16

Hartley the beagle was enjoying Combe Down more than anyone, straining at the limit of his retractable lead. He’d met and greeted all the humans and now he was into serious exploration. Paloma was finding him difficult to control. Already he’d collapsed the drone’s stand by catching one of the legs with his lead. Good thing the drone hadn’t been in place yet.

The so-called pilots from The Sky’s No Limit, a likeable duo called Noah and Naomi, had come early to set up. Conditions were difficult for them in a keen east wind, even without an excited dog.
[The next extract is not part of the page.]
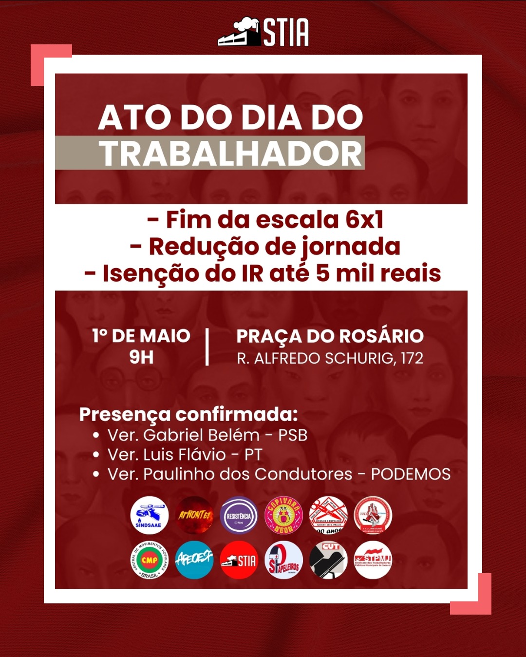 No próximo Dia do Trabalhador, 1º de Maio, o Sindicato realiza um importante ato unificado para lutar por:

When Paloma succeeded in getting Hartley back on a short leash, he protested by barking.

And continued.

Paloma shouted to Diamond over the din, “This was a mistake.”

“The mistake was mine.”

“I’ll take him for a run and try and tire him out.” She must have anticipated this because she was wearing tracksuit and trainers.

“You might miss the drone flight.”

“It won’t break my heart.”

Diamond watched them head away across the field. He was starting to regret this adventure. “Bleak spot,” he said to Halliwell.
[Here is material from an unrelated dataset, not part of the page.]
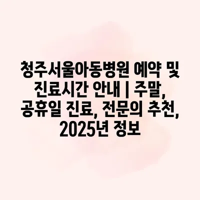 청주서울아동병원은 2025년에도 어린이 환자들에게 최상의 진료를 제공하기 위해 노력하고 있습니다. 병원 예약은 간편하게 온라인 및 전화로 가능하며, 대기 시간을 최소화하기 위해 사전 예약을 권장합니다. 진료시간은… 더 보기 »청주서울아동병원 예약 및 진료시간 안내 | 주말, 공휴일 진료, 전문의 추천, 2025년 정보

“You chose it, guv,” Halliwell reminded him.

“Can’t argue with that. I wish they’d get on with it.”

“We can’t start without the ACC. Where is she?”

“Georgina? Probably gone to the wrong place and wondering where we are.”

“Did you give her coordinates?”

“Do I look as if I’m capable of giving anyone coordinates? I offered to meet at the Hadley Arms, if that’s what you’re getting at, but she said she’d find her own way here. She thought I was touting for a drink.”

“Were you?”

“It crossed my mind.”

They were south of the village, at the top of a steeply sloping uneven field off Summer Lane that would be a good testing ground for the drones. The hazards included trees, stone walls and bushes.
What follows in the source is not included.